Amiodarone inhibits the metabolism of dextromethorphan, the cough suppressant found in most over-the-counter (and some prescription) cough and cold medications (for example, Robitussin-DM). Although the significance of the interaction is unknown, these two drugs probably should not be taken together if possible.

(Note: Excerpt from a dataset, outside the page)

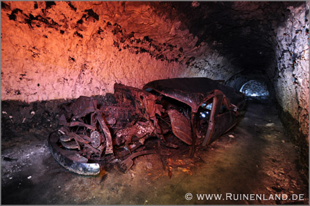 Die Urbexer, die wir anfangs in der ersten Grube trafen, hatten uns noch von einem nahe gelegenen Tunnel erzählt, den wir nun als nächstes aufsuchen wollten. Laut ihrer Aussage handelte es sich hierbei um einen Bahntunnel, die Beschaffenheit der grob behauenen Wände und die anfangs geringe Höhe ließen jedoch eher auf eine andere Nutzung schließen. Die gesamte Länge von knapp 2 Km wollten wir nicht mehr durchschreiten, aber zumindest etwa das erste Drittel nahmen wir uns vor. Wie sich herausstellte, handelte es sich um ein doppeltes Gangsystem, an dessen Eingang ein altes, verrostetes und in sich zusammengebrochenes Auto stand. Mittels Taschenlampen, farbigem Licht und Mehrfachbelichtungen gestalteten wir unsere Aufnahmen.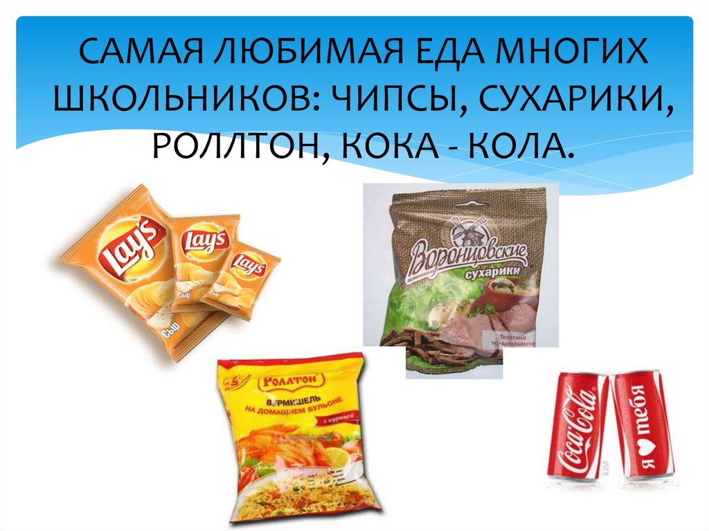 САМАЯ ЛЮБИМАЯ ЕДА МНОГИХШКОЛЬНИКОВ: ЧИПСЫ, СУХАРИКИ,

Grapefruit juice may reduce the breakdown of amiodarone in the stomach, leading to increased amiodarone blood levels. Grapefruit juice should be avoided during treatment with amiodarone.
Are digoxin and amiodarone safe to use while pregnant or breastfeeding?
There are no adequate studies in pregnant women.
Digoxin is secreted in breast milk at concentrations similar to concentrations in the mother's blood. However, the total amount of digoxin that will be absorbed from breast milk by the infant may not be enough to cause effects. Nursing mothers who are taking digoxin should exercise caution.
Amiodarone should not be used during pregnancy because it can cause fetal harm. There have been reports of congenital hypothyroidism or hyperthyroidism when amiodarone was administered during pregnancy.
Amiodarone is excreted in breast milk and may cause adverse effects in the infant. Mothers receiving amiodarone should discontinue breastfeeding.